Надо же – думал я – какой замечательно невручий человек. И открывая дверь чуть ли не зубами, вперся в кабинет с двумя томами своего фундаментального труда под мышками, а также блокнотом и ручкой для возможных рекомендаций, которые следовало непременно уважительно записывать. Ха-ха-ха, представляете, я совершенно напрасно все это тащил. Оказалось, что в кабинете начальника, сидит очередной скромный на вид молодой человек, которому меня рекомендуют, используя все превосходные степени описания гениального ученого. На этот раз тема его диссертации уже имела словесное выражение, и опять шла не в дую с моей, что снова никого нимало не обеспокоило…
После третьего протеже, я робко заикнулся о собственной защите, на что получил заверение в скорейшей защите – немедленного вставления ее в рабочий план НИИ и назначения даты – конкретного числа.
Однако, молодые люди продолжали сменяться один за другим. Они были одинаково одеты и вообще очень похожи, возможно своей общей чертой – удаленностью от умения мыслить. В общем, мне они казались все на одно лицо. Со временем количество похвал и обещаний в мою сторону поубавилось, а нотки приказа в просьбах усилились. Теперь меня заставляли работать, сразу в двух, часто независимых направлениях и я, при всех своих способностях окончательно забросил собственные исследования, набирая материал на докторскую диссертации, пока моя кандидатская продолжала пылиться на полке. Мне элементарно перестало хватать времени. Но я все равно все чужое тянул на отлично. А спустя примерно пять лет моего труда раба, случилось то, что в соответствии с законами психологического давления, должно было когда-то случиться – наступил кризис отношений. Перед защитой очередного дуралея, со мной неожиданно что-то произошло, я ворвался в кабинет к зав.лабораторией и со свойственной мне точностью высказался, называя вещи своими именами…

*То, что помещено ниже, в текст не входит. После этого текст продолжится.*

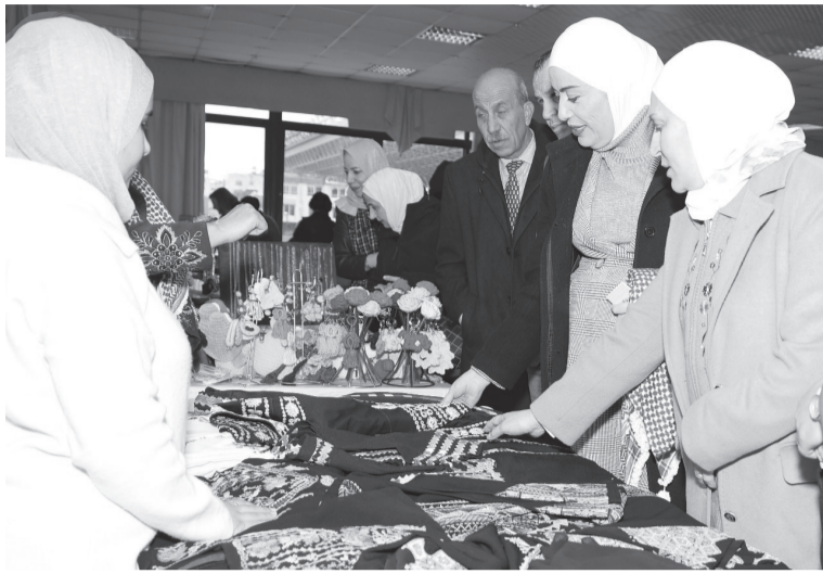
نضن البلد - أربد

يُتبعس إيجابيا على الأسر وسيدات المجتمع والوطن بأكمله ويعزز ثقافة الانتاجية، مشيرة إلى أن وزارة التنمية بالشراكة مع وزارة الزراعة ومؤسسة إعمار أربد وفرت مساحات مخصصة ضمن المعرض الدائم في أربد، لدعم الأسر المنتجة والجمعيات الخيرية التابعة للوزارة من خلال فرصة تسويق منتجاتها بصورة دائمة في إطار الاتفاقية مع وزارة الزراعة لتوفير مساحات ضمن معرضي عمان وأربد وسعي الوزارة لتذليل العقبات والتحديات أمام الأسر المنتجة والجمعيات لتسويق منتجاتها.

Травить меня начали в тот же день, непосредственно с обеда в столовой нашего НИИ. Чуть позже, как следует подготовившись, развернули против меня настоящую широкомасштабную акцию. Надо ли говорить, что никто из моих кандидатских птенцов, как правило сразу после защиты назначавшиеся на солидные должности, не пожелал оказать мне помощь, В вскоре я остался вовсе без работы, едва сумев избежать увольнения по статье. С тех пор производственные отношение начальник-подчиненный навсегда ушли из моей жизни – как недопустимые для меня. Конечно, я пережил трудный период, но со временем все как-то утряслось. Какое-то время я трудился в удалении от моей специальности и призвания. Кем именно я работал – о, я стараюсь об этом даже не вспоминать. В последние же десять лет мои изобретения получили наконец ценовое выражение. А то ящик письменный стола со свидетельствами о моих изобретениях уже перестал закрываться. Я пользуюсь также некоторой известностью в определенных кругах и позволяю себе в основном уже не трудиться руками, а разрабатываю теоретическое обоснование в том числе под определенные заказы, и являясь затворником, консультирую по телефону, последнее время не выезжая даже на главные эксперименты. Ну, а если, в виде исключения и соглашаюсь на подготовку диссертации, то делаю это за очень хорошие деньги. На эти средства я и существую.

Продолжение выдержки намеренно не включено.